Pronunciation: sven-toh-SCHWA-vah
Other Forms: Święsława, Święcsława; Świętosław

Boy, do I have a mouthful for you today! This year, I read the book Widow Queen by Polish author Elżbieta Cherezińska, and while the book was a bit of a disappointment, I came away with a fascination for the unknown princess -- and her name.

Świętosława was a Polish princess born sometime from 968 to 972, a daughter of Mieszko I, the founder of the first independent Polish state in the form of a Duchy. Her brother, Bolesław the Brave, was the first crowned King of Poland. Very little is known about Świętosława, and what is known may not even be about her at all, but another woman.
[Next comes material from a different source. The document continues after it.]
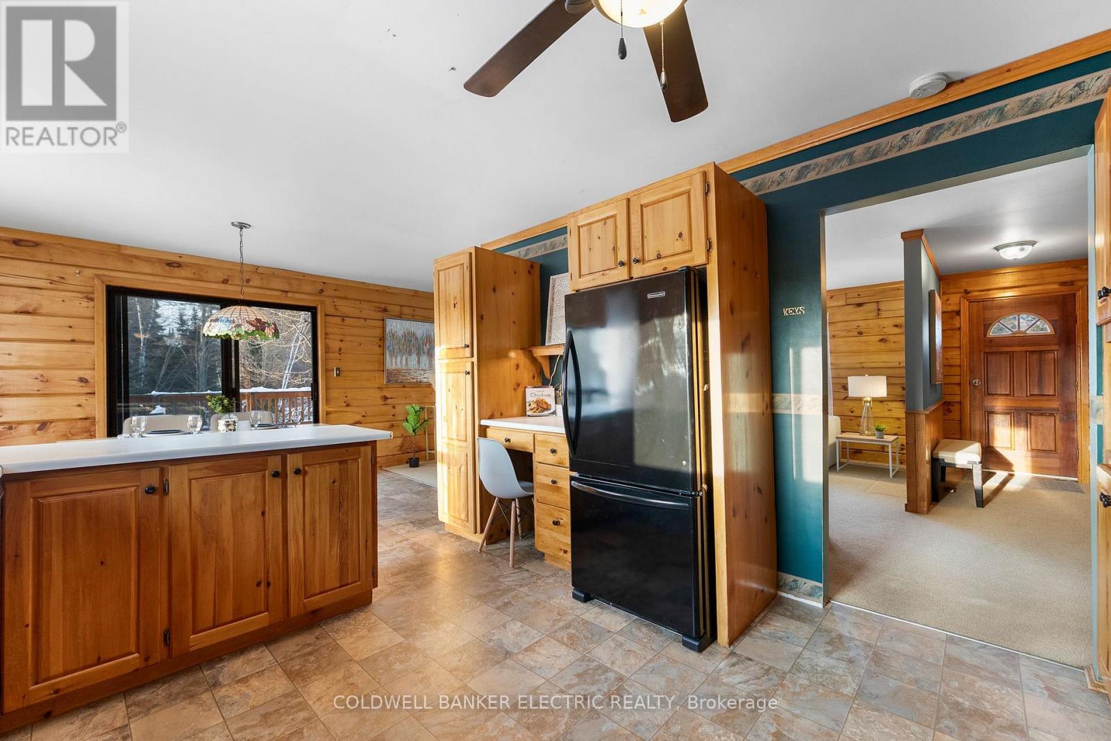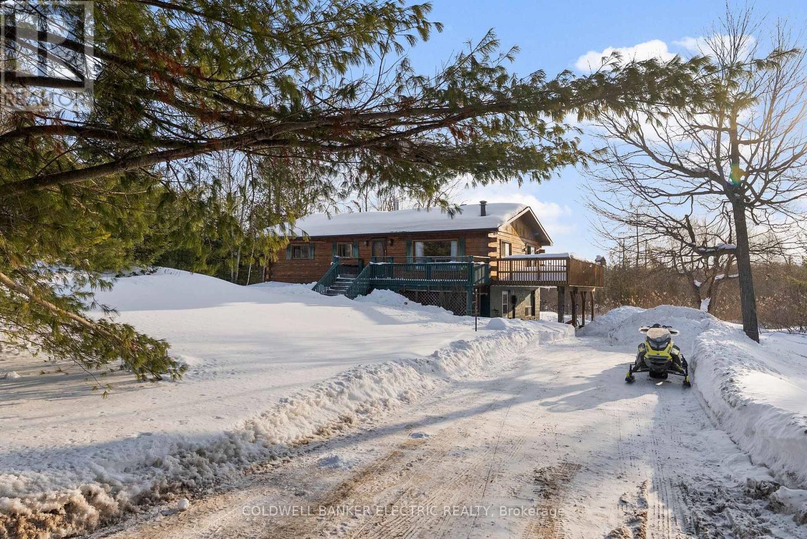 Country living with direct trail access! This 4-bedroom, 2-bath home offers rustic charm and year-round recreation, with snowmobile trail access in the backyard and ATV trail access along the front of the property. The bright main level features a spacious living room with wood accents and a cozy stone fireplace, a functional kitchen with ample cabinetry, and a dining area with walkout to the deck overlooking the scenic, treed lot. The finished lower level offers a large recreation space with walkout access, plus additional storage and utility areas. Enjoy your own private pond, a beautiful willow tree adding character to the landscape, and two sheds for extra storage. With space to roam and adventure at your doorstep, this property is ideal as a full-time residence or recreational retreat. (id:64974)

According to German chroniclers of the time, she was first married to Eric the Victorious of Sweden, and gave him a son named Olof, who later become King of Sweden. Upon Eric's death she was married then to Sweyn Forkbeard, who would eventually become King of Denmark. She gave him two sons, Harald II of Denmark, and Cnut the Great, King of England, Denmark and Norway, collectively. 

In Icelandic tradition, these Kings were married instead to a woman called Sigrid the Haughty. Today, her existence is questioned by scholars, but some believe she was the same woman, or perhaps simply two different wives of Sweyn Forkbeard. As with so many women in history, we may truly never know because in so many accounts the wife's name is not given, seen as less important than those of her husband and the sons she bore him.

As a name, Świętosława is simply the feminization of Świętosław, the Polish form of Svyatoslav, coming from the Slavic svetu, "blessed, holy", and slava, "glory". Another Świętosława of Poland, born sometime in the 1040's, would go on to become the first Queen of Bohemia, cementing its regality. What are your thoughts on Świętosława?